This protein-packed recipe made with ground turkey is a healthier take on a comfort-food favorite—a delicious alternative for anyone looking for an RA friendly diet makeover. It contains less total fat and less saturated fat, the kind that sticks to your arteries. Oats (instead of traditional bread crumbs) and veggies provide an unexpected boost of fiber, vitamins, and minerals.

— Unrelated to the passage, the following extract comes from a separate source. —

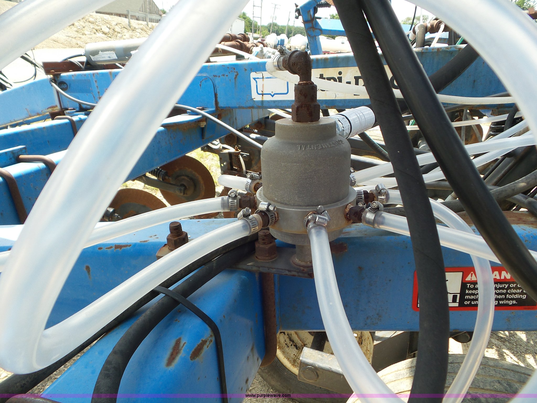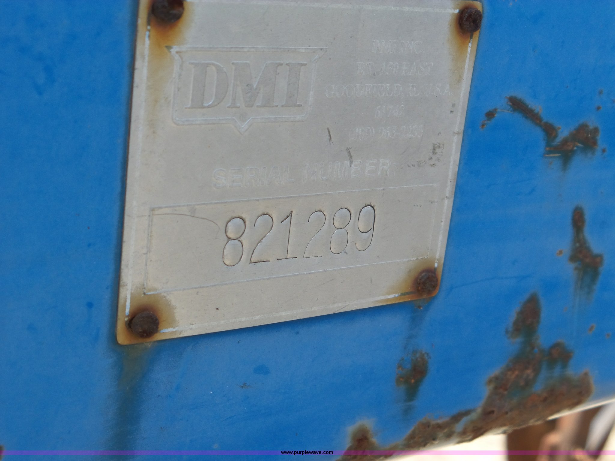 Purple Wave is selling a used Applicator Pull Type in Indiana. This item is a DMI Nutri-Placr 4300 applicator with the following: Approximately 35'W, (15) shanks, 30" spacing, No till openers, Yetter closing wheels, B9500 Continental Metermatic anhydrous pump with hydraulic shut off, Hydraulic fold and lift, Front and rear pin hitch, 11-15 tires, Serial 821289, Unit# 15-1

Serve with roasted sweet potatoes and sautéed spinach, or make next-day sandwiches with crisp romaine lettuce and a bit of mustard on a multi-grain roll.

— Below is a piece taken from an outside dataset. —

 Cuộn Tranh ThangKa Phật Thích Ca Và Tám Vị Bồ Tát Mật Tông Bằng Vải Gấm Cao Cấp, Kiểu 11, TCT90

- Cut-up frozen vegetables have as many nutrients as fresh veggies and are a great option to use when you're not feeling so great.
- Chop your onions in the food processor; it'll save time and effort. Also if you know you'll be using chopped onions during the week, chop a few extra onions and store in a sealed container to use as needed over the course of the week.
- When your energy is up, prep a few of these meatloaves ahead of time. Freeze the extras for a night when you don't feel like cooking. Thaw in the refrigerator and warm in the oven just before serving.
1 tablespoon + 1 teaspoon olive oil, divided
1 small onion, chopped, about 1 cup
1 1/2 cups frozen carrots, peas and corn; thawed
4 tablespoons tomato paste
1 1/4 pounds lean ground turkey
1/2 cup quick-cooking oats (can also use oat bran)
1 teaspoon salt
1/2 teaspoon black pepper
1 large egg, beaten
Preheat oven to 375°F. Line a baking pan or baking sheet with aluminum foil and spread 1 teaspoon oil over foil; set aside.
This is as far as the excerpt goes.